The scheduler table is composed as follows:
CREATE TABLE scheduler (
id INTEGER PRIMARY KEY AUTOINCREMENT NOT NULL,
active INT CHECK (active IN (0,1)) NOT NULL DEFAULT 1,
interval_ms INTEGER CHECK (interval_ms>=100 AND interval_ms<=100000000) NOT NULL,
filename VARCHAR NOT NULL,
arg1 VARCHAR,
arg2 VARCHAR,
arg3 VARCHAR,
arg4 VARCHAR,
arg5 VARCHAR,
comment VARCHAR NOT NULL DEFAULT '')
The relevant elements are:
- Active: that defines if the scheduler should execute or not the external script
- Interval_ms: frequency of the execution. This has NO check if previous executions terminate. Given that a script must include a check to prevent launching multiple instances which will probably create conflicts and resource issues.

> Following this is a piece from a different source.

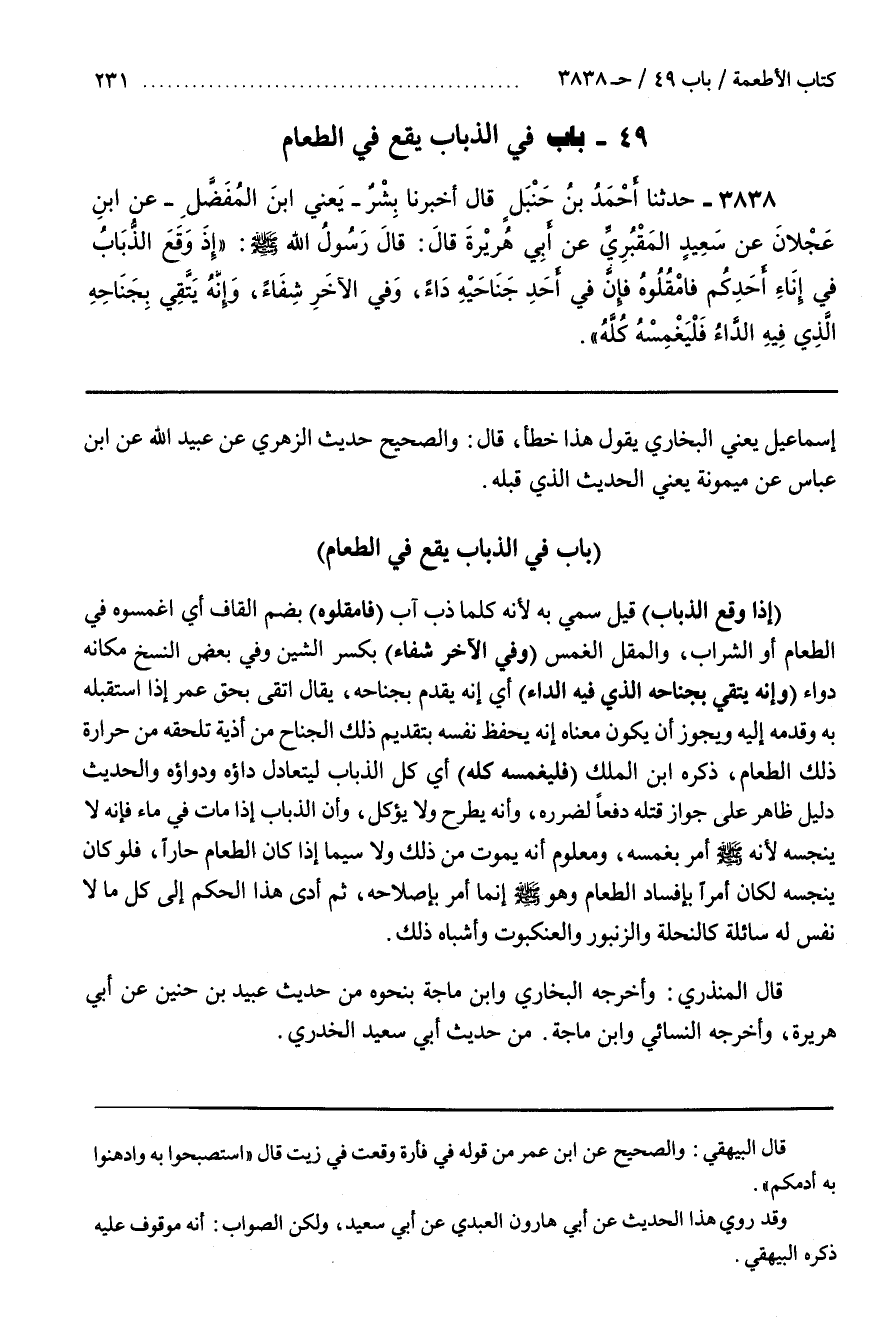 [3844] (إِذَا وَقَعَ الذُّبَابُ) قِيلَ سُمِّيَ بِهِ لِأَنَّهُ كُلَّمَا ذُبَّ آبَ (فَامْقُلُوهُ) بِضَمِّ الْقَافِ أَيْ اغْمِسُوهُ فِي الطَّعَامِ أَوِ الشَّرَابِ وَالْمَقْلُ الْغَمْسُ (وَفِي الْآخَرِ شِفَاءٌ) بِكَسْرِ الشِّينِ وَفِي بَعْضِ النُّسَخِ مَكَانَهُ دَوَاءٌ (وَإِنَّهُ يَتَّقِي بِجَنَاحِهِ الَّذِي فِيهَا الدَّاءُ) أَيْ إِنَّهُ يُقَدِّمُ بِجَنَاحِهِ يُقَالُ اتَّقَى بِحَقِّ عُمَرَ إِذَا اسْتَقْبَلَهُ بِهِ وَقَدَّمَهُ إِلَيْهِ وَيَجُوزُ أَنْ يَكُونَ مَعْنَاهُ إِنَّهُ يَحْفَظُ نَفْسَهُ بِتَقْدِيمِ ذَلِكَ الْجَنَاحِ مِنْ أَذِيَّةٍ تَلْحَقُهُ مِنْ حرارة ذلك الطعام ذكره بن الْمَلَكِ (فَلْيَغْمِسْهُ) أَيْ كُلَّ الذُّبَابِ لِيَتَعَادَلَ دَاؤُهُ وَدَوَاؤُهُ وَالْحَدِيثُ دَلِيلٌ ظَاهِرٌ عَلَى جَوَازِ قَتْلِهِ دَفْعًا لِضَرَرِهِ وَأَنَّهُ يُطْرَحُ وَلَا يُؤْكَلُ وَأَنَّ الذُّبَابَ إِذَا مَاتَ فِي مَاءٍ فَإِنَّهُ لَا يُنَجِّسُهُ لِأَنَّهُ صَلَّى اللَّهُ عَلَيْهِ وَسَلَّمَ أَمَرَ بِغَمْسِهِ وَمَعْلُومٌ أَنَّهُ يَمُوتُ مِنْ ذَلِكَ وَلَا سِيَّمَا إِذَا كَانَ الطَّعَامُ حَارًّا فَلَوْ كَانَ ينجسه لكان أمرا بإفساد الطعام وهو صلى الله عليه وسلم إِنَّمَا أَمَرَ بِإِصْلَاحِهِ ثُمَّ أَدَّى هَذَا الْحُكْمُ إلى كل مالا نَفْسَ لَهُ سَائِلَةٌ كَالنَّحْلَةِ وَالزُّنْبُورِ وَالْعَنْكَبُوتِ وَأَشْبَاهِ ذلك

- Filename: the FULL path of the script/app you want to be executed.
- Arg(s): whatever you want to pass as arguments. When you have a complex script, either use a configuration file or collapse multiple arguments in a single string.
The Scripts
In this blog, I will present two different scripts (as examples). Both will cover the scenarios as in the previous article and can do more, but I will focus only on that part for now.
One script is written in Bash and is the porting of the proxysql_galera_checker Percona was using with ProxySQL-admin in ProxySQL version 1.4. The script is available here from Percona-lab (git clone ).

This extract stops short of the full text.